::: Records to use

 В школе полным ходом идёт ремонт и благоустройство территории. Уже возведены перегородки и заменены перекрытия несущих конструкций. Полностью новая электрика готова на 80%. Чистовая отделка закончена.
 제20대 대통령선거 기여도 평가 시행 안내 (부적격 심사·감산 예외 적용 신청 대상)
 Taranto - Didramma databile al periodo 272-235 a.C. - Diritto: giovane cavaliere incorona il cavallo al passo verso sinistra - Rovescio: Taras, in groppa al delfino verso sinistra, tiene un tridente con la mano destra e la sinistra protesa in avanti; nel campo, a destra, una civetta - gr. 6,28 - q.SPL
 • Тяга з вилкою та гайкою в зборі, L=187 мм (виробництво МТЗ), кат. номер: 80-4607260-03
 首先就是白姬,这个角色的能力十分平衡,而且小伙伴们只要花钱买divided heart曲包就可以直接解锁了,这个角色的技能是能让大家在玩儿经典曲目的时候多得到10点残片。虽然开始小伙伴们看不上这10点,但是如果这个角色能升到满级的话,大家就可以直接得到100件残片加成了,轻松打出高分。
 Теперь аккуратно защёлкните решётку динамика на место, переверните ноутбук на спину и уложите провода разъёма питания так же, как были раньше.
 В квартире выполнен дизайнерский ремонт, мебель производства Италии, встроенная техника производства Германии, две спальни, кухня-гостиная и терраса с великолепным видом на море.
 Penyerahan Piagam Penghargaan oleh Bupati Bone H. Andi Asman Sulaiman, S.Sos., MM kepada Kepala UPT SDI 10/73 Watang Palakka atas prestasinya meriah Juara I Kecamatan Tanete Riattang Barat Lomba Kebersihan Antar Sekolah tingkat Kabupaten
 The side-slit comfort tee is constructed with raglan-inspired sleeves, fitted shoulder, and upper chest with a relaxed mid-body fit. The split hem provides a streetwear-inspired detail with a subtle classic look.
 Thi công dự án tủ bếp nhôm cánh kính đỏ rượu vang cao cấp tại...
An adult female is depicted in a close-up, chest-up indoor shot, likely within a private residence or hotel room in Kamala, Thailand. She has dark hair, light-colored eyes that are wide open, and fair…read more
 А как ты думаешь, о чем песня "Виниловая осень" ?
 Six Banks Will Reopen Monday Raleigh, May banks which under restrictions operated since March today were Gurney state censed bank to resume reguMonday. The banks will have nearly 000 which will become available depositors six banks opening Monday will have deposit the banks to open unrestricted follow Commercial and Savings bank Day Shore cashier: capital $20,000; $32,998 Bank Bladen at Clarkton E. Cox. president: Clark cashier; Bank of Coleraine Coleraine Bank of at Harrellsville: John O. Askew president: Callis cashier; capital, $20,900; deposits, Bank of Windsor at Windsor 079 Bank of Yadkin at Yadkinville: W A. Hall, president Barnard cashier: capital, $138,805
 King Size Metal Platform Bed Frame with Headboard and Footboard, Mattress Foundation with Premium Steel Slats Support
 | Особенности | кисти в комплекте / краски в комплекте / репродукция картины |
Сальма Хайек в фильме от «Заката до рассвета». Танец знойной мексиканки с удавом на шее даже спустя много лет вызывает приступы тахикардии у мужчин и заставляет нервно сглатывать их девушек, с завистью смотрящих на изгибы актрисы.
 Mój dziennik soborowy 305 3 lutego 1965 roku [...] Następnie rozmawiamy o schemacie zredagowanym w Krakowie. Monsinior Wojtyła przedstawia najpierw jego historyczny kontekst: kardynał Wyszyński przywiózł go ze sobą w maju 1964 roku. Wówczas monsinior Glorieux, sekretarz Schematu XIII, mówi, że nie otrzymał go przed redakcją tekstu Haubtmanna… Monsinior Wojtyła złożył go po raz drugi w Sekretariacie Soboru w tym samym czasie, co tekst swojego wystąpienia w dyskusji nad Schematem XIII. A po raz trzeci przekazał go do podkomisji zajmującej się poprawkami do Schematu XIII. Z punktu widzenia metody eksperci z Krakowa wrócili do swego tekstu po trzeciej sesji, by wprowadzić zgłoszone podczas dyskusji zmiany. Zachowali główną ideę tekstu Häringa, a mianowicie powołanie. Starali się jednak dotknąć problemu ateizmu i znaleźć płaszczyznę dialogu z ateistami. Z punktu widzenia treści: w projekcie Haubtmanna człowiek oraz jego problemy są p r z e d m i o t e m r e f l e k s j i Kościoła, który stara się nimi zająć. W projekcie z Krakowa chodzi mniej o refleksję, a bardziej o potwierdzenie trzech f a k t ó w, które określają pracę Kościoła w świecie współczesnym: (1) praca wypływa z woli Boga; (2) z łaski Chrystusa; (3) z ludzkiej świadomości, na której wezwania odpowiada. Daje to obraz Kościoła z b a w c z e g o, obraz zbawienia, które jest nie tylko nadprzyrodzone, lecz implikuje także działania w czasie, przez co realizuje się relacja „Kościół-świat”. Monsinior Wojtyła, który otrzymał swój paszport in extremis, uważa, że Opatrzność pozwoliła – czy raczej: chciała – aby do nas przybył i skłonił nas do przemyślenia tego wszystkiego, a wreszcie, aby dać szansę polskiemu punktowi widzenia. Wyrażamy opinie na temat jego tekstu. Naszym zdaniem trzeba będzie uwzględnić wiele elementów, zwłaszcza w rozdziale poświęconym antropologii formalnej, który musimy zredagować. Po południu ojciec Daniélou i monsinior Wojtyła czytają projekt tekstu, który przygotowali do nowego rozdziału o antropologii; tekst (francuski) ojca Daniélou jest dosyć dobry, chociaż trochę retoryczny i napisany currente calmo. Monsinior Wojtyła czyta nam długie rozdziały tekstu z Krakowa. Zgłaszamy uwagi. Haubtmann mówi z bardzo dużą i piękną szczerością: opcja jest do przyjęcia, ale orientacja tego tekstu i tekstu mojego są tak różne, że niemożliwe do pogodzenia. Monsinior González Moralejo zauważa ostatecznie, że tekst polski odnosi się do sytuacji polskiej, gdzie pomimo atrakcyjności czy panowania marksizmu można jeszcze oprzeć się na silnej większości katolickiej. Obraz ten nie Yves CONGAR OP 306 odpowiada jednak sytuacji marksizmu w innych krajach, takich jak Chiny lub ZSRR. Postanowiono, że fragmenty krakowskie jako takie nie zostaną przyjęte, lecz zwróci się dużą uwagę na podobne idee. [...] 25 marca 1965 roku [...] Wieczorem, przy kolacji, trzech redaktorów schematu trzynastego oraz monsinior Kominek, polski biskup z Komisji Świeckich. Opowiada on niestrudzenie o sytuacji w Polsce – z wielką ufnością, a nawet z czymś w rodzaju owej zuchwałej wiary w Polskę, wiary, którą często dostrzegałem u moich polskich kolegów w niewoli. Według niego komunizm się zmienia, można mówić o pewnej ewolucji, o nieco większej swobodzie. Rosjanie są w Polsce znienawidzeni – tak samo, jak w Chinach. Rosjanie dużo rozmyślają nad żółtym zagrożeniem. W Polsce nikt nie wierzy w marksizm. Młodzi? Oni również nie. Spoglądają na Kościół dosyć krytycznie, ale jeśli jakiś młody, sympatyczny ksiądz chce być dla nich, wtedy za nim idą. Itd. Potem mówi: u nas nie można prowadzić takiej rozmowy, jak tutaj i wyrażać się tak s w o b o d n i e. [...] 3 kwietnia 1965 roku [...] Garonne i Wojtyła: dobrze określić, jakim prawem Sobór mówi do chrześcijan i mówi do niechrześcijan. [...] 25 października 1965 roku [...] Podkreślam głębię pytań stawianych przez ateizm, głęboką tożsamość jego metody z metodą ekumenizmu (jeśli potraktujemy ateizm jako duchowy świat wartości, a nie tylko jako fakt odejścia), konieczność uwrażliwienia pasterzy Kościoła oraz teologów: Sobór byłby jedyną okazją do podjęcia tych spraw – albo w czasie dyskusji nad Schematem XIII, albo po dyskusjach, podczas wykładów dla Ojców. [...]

::::::

Problem:
Repeat the material exactly. Begin with its first line and end with the line that has "제20대 대통령선거 기여도".

Exercise result:
 В школе полным ходом идёт ремонт и благоустройство территории. Уже возведены перегородки и заменены перекрытия несущих конструкций. Полностью новая электрика готова на 80%. Чистовая отделка закончена.
 제20대 대통령선거 기여도 평가 시행 안내 (부적격 심사·감산 예외 적용 신청 대상)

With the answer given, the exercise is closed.